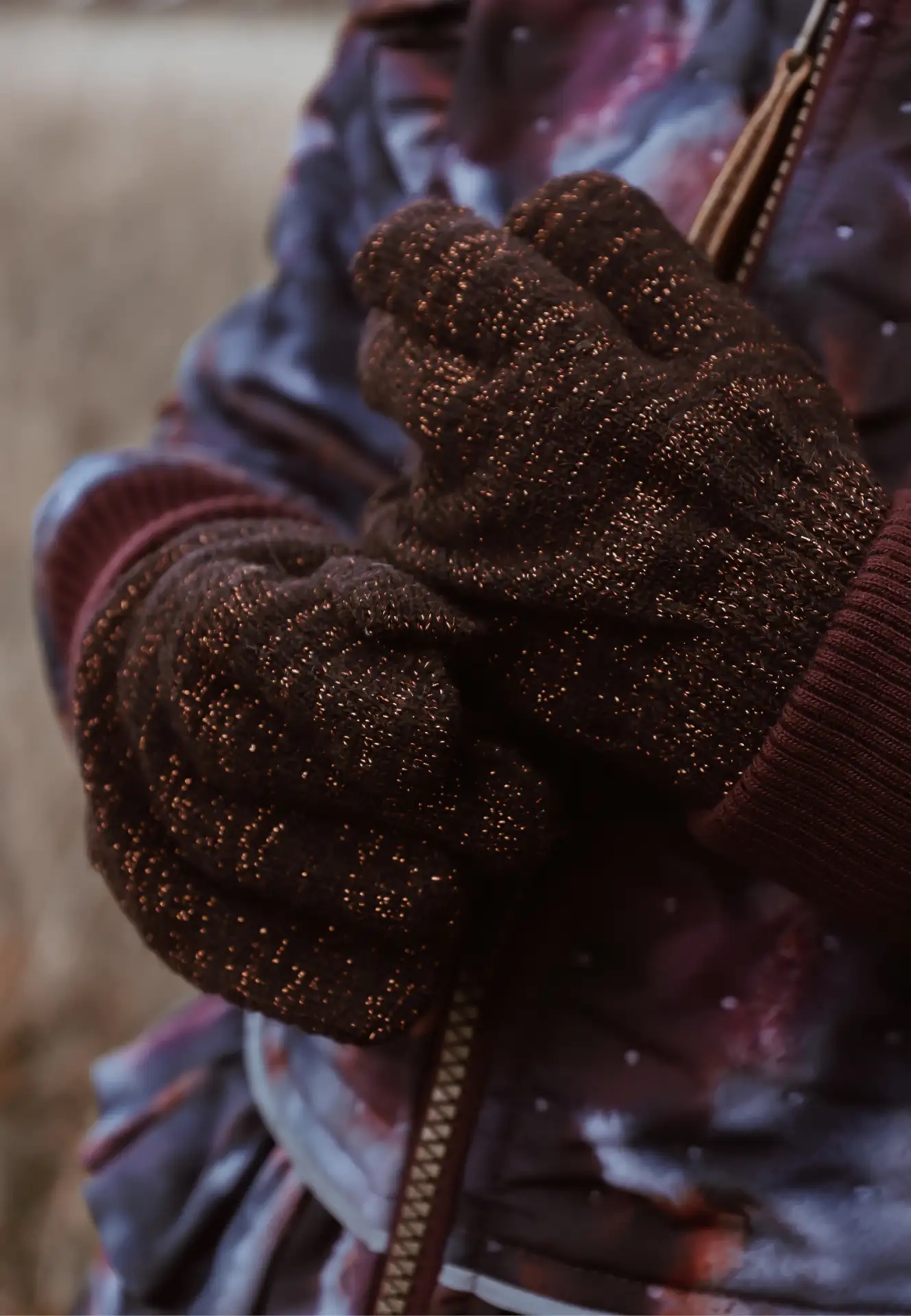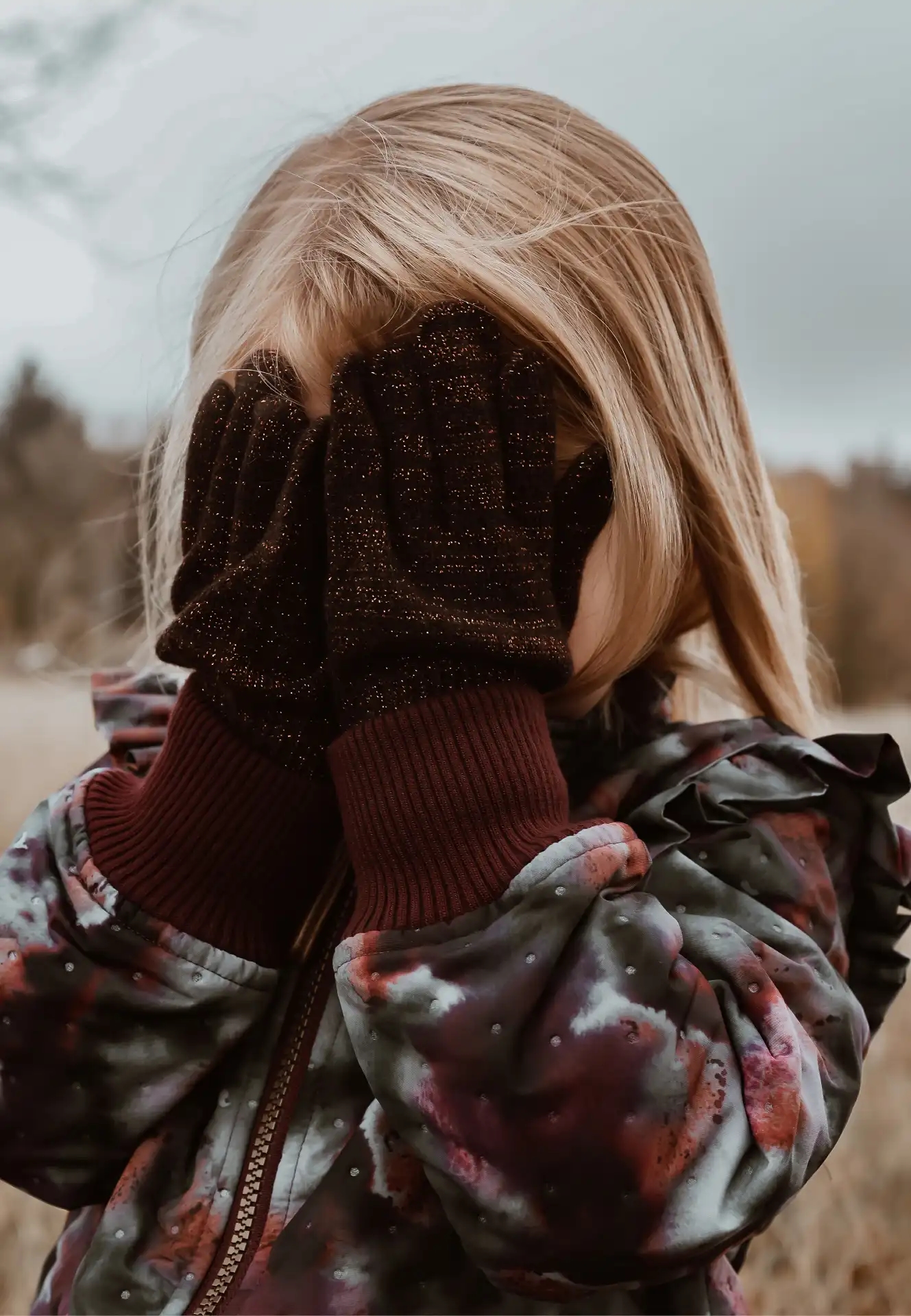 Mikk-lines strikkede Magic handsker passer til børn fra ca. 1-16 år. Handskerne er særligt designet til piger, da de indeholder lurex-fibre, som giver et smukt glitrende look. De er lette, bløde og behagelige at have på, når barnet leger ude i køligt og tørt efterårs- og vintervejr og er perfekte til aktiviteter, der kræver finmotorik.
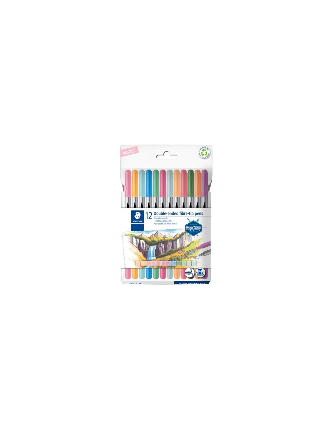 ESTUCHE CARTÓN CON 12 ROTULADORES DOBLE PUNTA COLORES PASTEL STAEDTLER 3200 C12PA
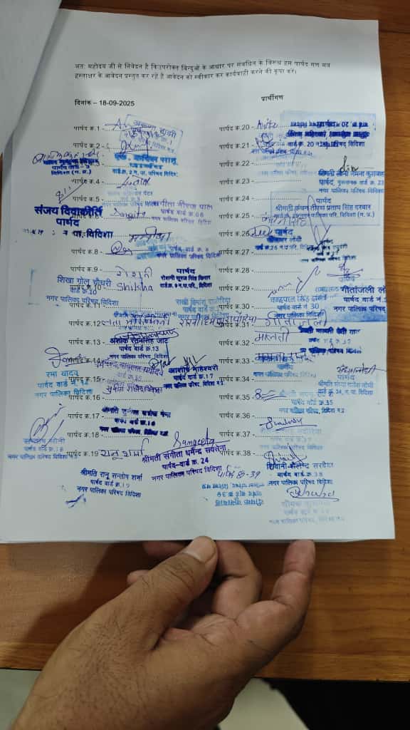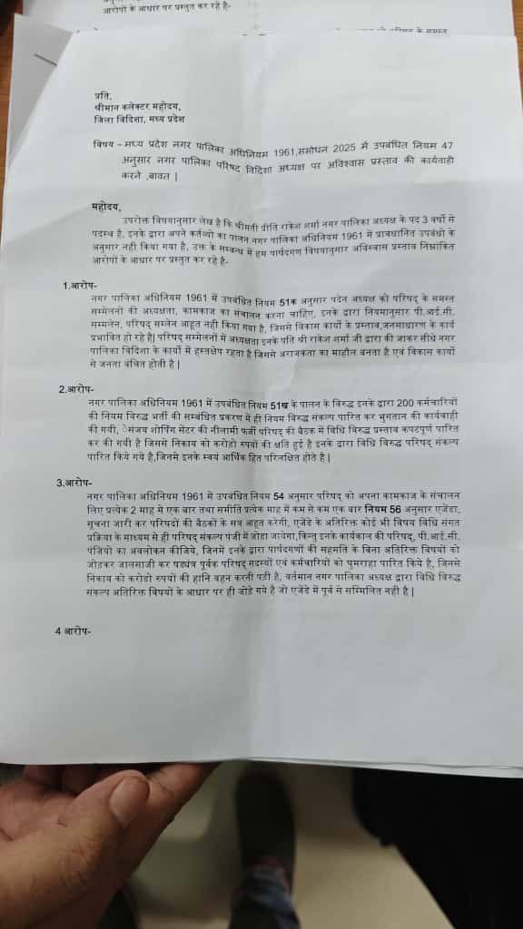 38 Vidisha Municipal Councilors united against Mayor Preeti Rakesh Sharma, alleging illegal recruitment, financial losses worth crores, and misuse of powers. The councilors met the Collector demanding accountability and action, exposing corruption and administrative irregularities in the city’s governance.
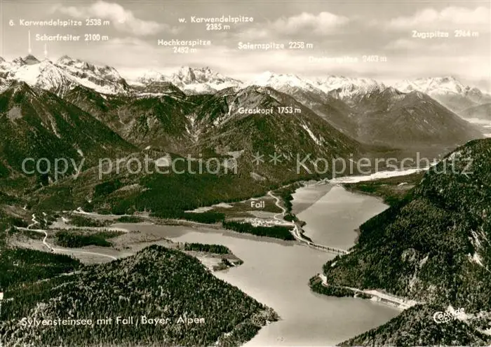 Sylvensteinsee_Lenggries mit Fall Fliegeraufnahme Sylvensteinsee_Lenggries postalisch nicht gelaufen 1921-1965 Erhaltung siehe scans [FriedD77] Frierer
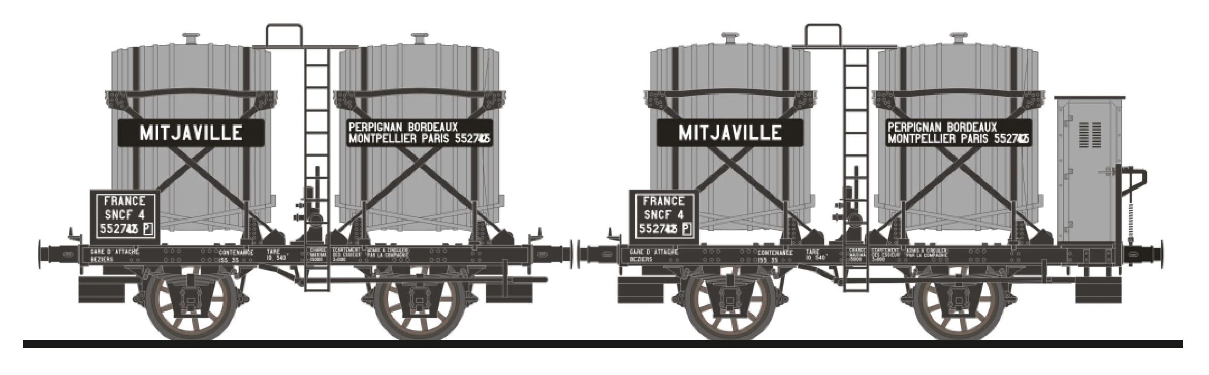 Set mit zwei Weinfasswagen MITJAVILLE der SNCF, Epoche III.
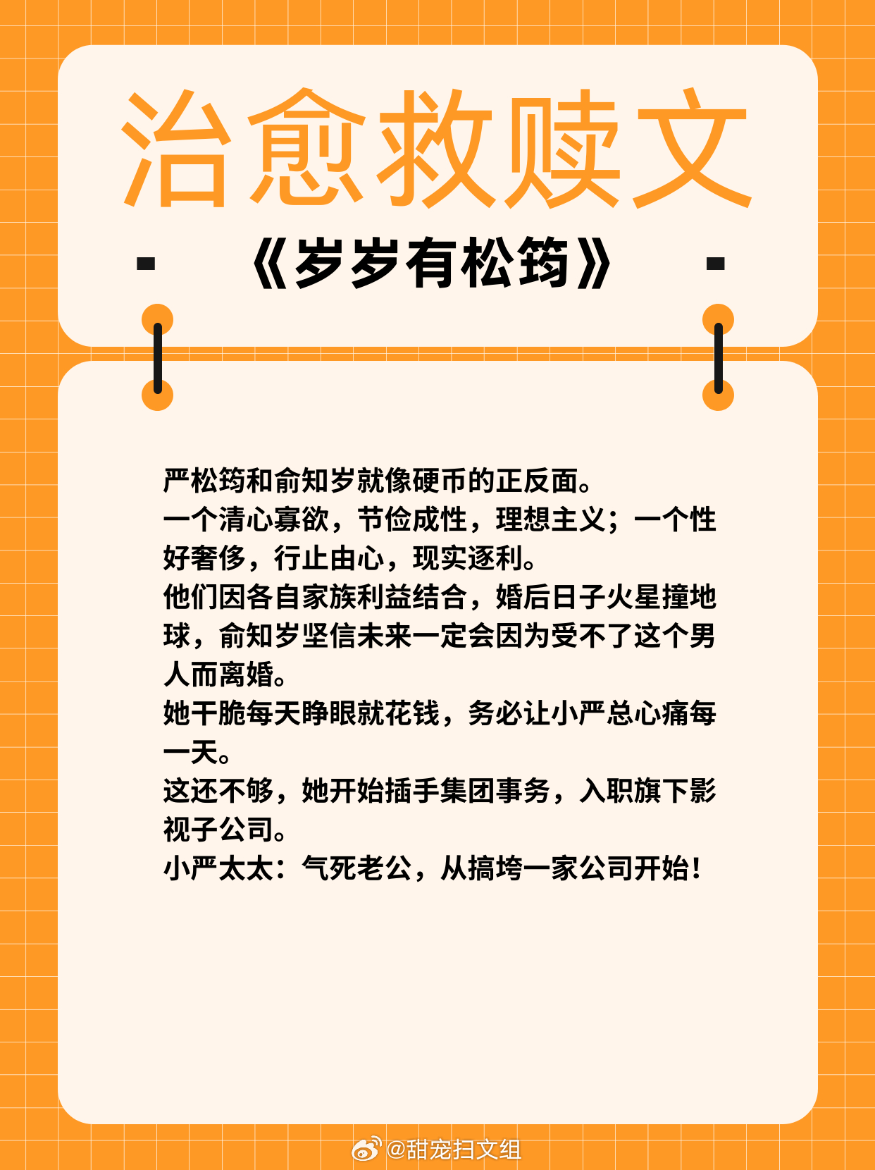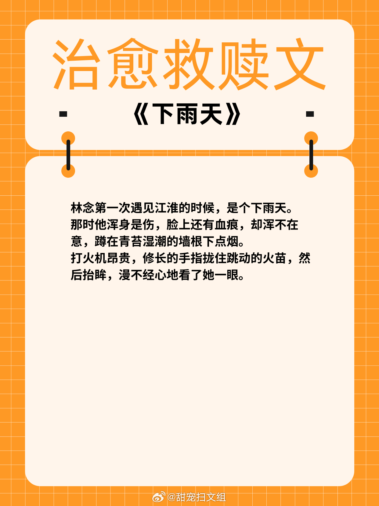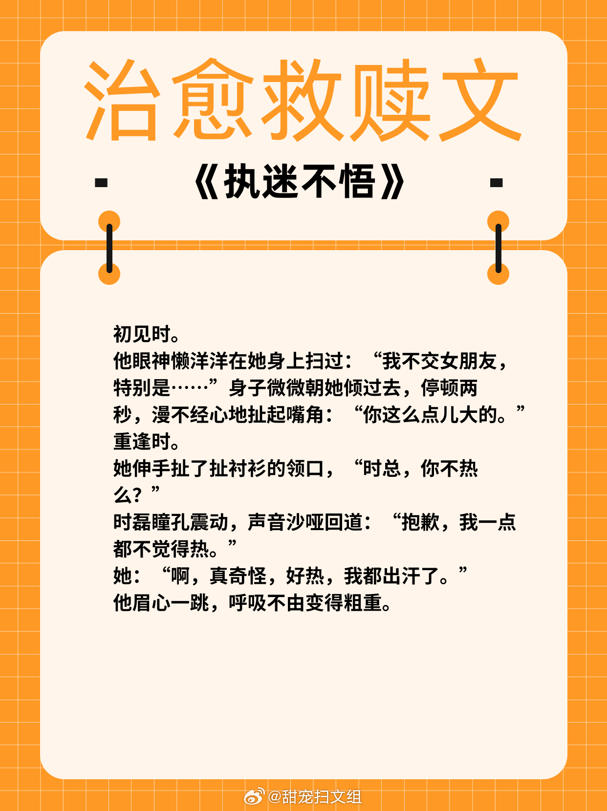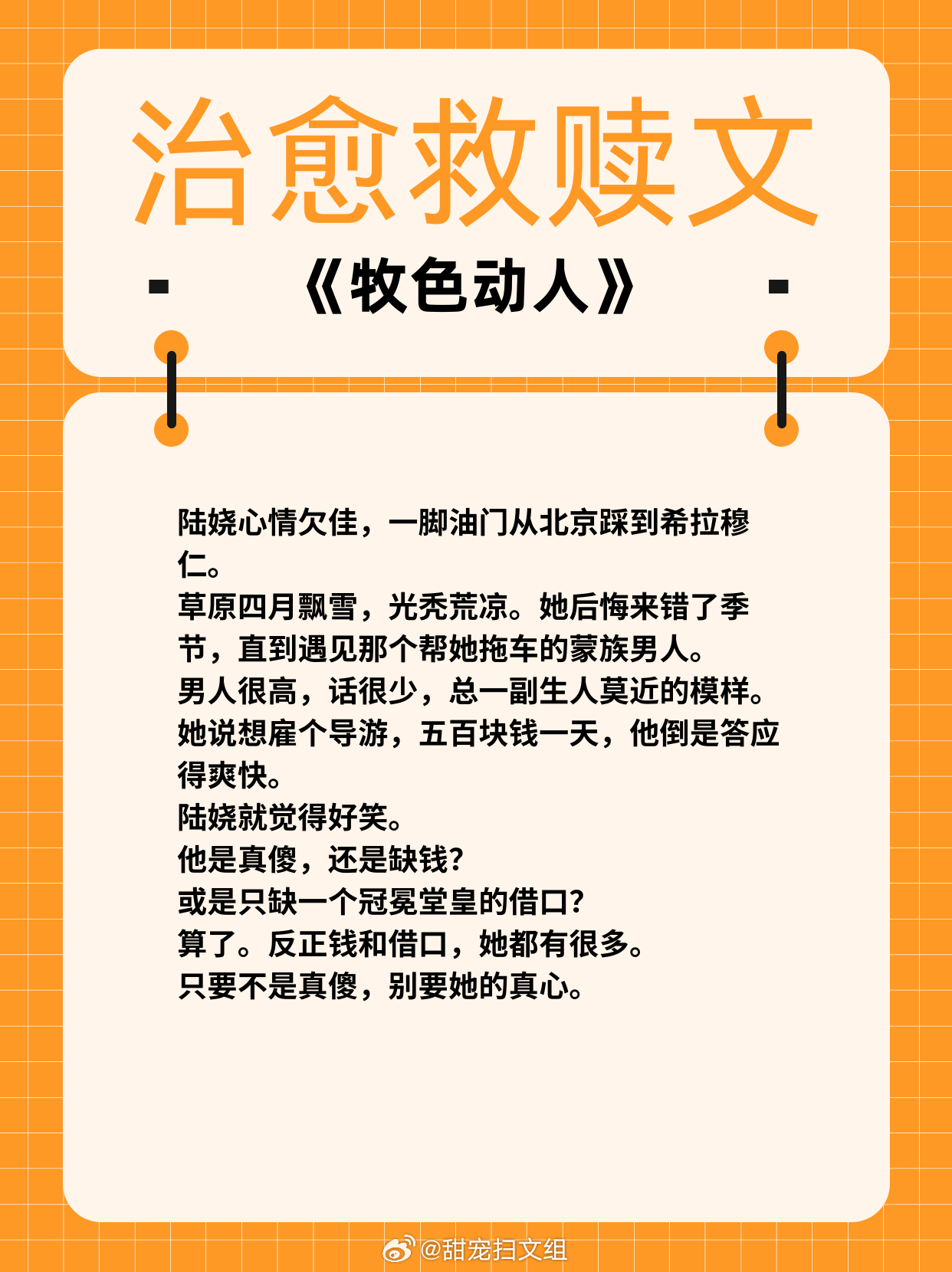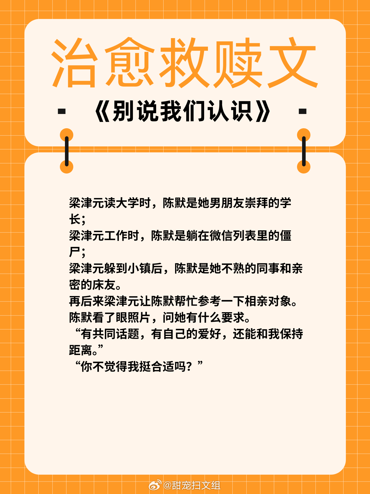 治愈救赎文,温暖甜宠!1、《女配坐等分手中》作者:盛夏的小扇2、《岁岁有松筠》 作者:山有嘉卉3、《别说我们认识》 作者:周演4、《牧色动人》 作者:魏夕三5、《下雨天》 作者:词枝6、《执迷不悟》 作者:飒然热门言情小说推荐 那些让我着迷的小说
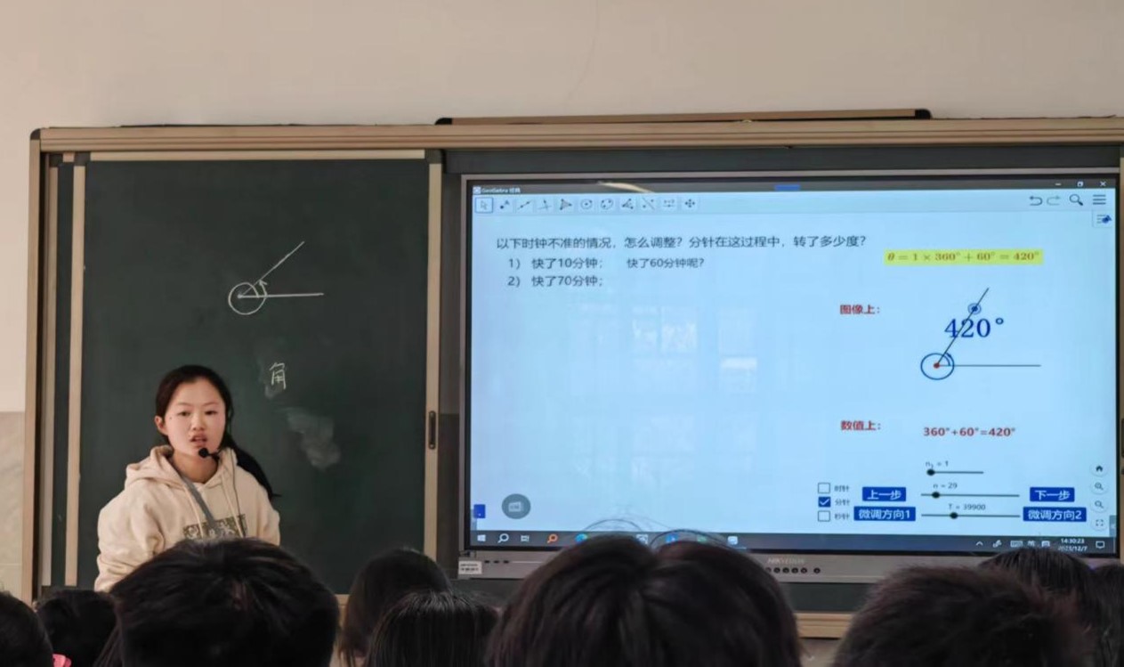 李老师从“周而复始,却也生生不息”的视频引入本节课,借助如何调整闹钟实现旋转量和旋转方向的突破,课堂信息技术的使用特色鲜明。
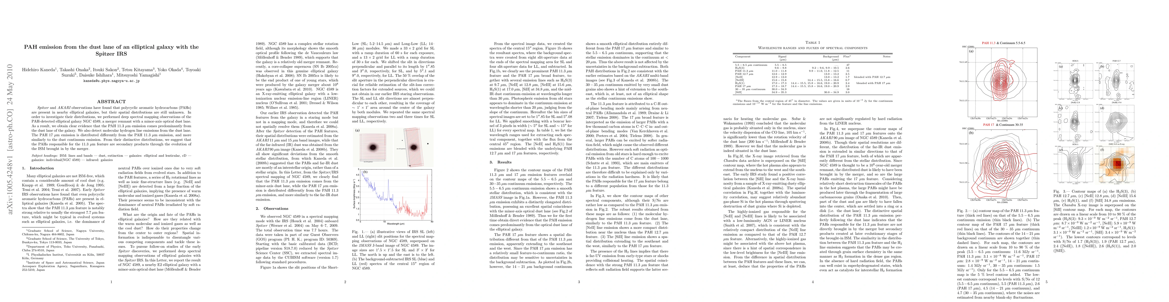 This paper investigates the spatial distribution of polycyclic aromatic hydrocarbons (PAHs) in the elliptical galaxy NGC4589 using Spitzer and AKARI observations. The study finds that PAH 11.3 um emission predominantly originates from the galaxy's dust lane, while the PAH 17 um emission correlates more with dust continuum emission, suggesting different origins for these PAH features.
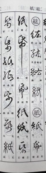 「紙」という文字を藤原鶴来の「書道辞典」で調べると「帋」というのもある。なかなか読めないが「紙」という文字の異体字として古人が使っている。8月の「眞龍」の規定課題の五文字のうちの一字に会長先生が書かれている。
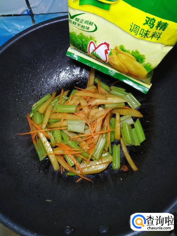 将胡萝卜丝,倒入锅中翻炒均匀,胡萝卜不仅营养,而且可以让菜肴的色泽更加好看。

**ASSIGNMENT:**
Restate the whole listing exactly as written, minus the pictures.

**SOLUTION TO THIS EXERCISE:**
 Mikk-lines strikkede Magic handsker passer til børn fra ca. 1-16 år. Handskerne er særligt designet til piger, da de indeholder lurex-fibre, som giver et smukt glitrende look. De er lette, bløde og behagelige at have på, når barnet leger ude i køligt og tørt efterårs- og vintervejr og er perfekte til aktiviteter, der kræver finmotorik.
 ESTUCHE CARTÓN CON 12 ROTULADORES DOBLE PUNTA COLORES PASTEL STAEDTLER 3200 C12PA
 38 Vidisha Municipal Councilors united against Mayor Preeti Rakesh Sharma, alleging illegal recruitment, financial losses worth crores, and misuse of powers. The councilors met the Collector demanding accountability and action, exposing corruption and administrative irregularities in the city’s governance.
 Sylvensteinsee_Lenggries mit Fall Fliegeraufnahme Sylvensteinsee_Lenggries postalisch nicht gelaufen 1921-1965 Erhaltung siehe scans [FriedD77] Frierer
 Set mit zwei Weinfasswagen MITJAVILLE der SNCF, Epoche III.
 治愈救赎文,温暖甜宠!1、《女配坐等分手中》作者:盛夏的小扇2、《岁岁有松筠》 作者:山有嘉卉3、《别说我们认识》 作者:周演4、《牧色动人》 作者:魏夕三5、《下雨天》 作者:词枝6、《执迷不悟》 作者:飒然热门言情小说推荐 那些让我着迷的小说
 李老师从“周而复始,却也生生不息”的视频引入本节课,借助如何调整闹钟实现旋转量和旋转方向的突破,课堂信息技术的使用特色鲜明。
 This paper investigates the spatial distribution of polycyclic aromatic hydrocarbons (PAHs) in the elliptical galaxy NGC4589 using Spitzer and AKARI observations. The study finds that PAH 11.3 um emission predominantly originates from the galaxy's dust lane, while the PAH 17 um emission correlates more with dust continuum emission, suggesting different origins for these PAH features.
 「紙」という文字を藤原鶴来の「書道辞典」で調べると「帋」というのもある。なかなか読めないが「紙」という文字の異体字として古人が使っている。8月の「眞龍」の規定課題の五文字のうちの一字に会長先生が書かれている。
 将胡萝卜丝,倒入锅中翻炒均匀,胡萝卜不仅营养,而且可以让菜肴的色泽更加好看。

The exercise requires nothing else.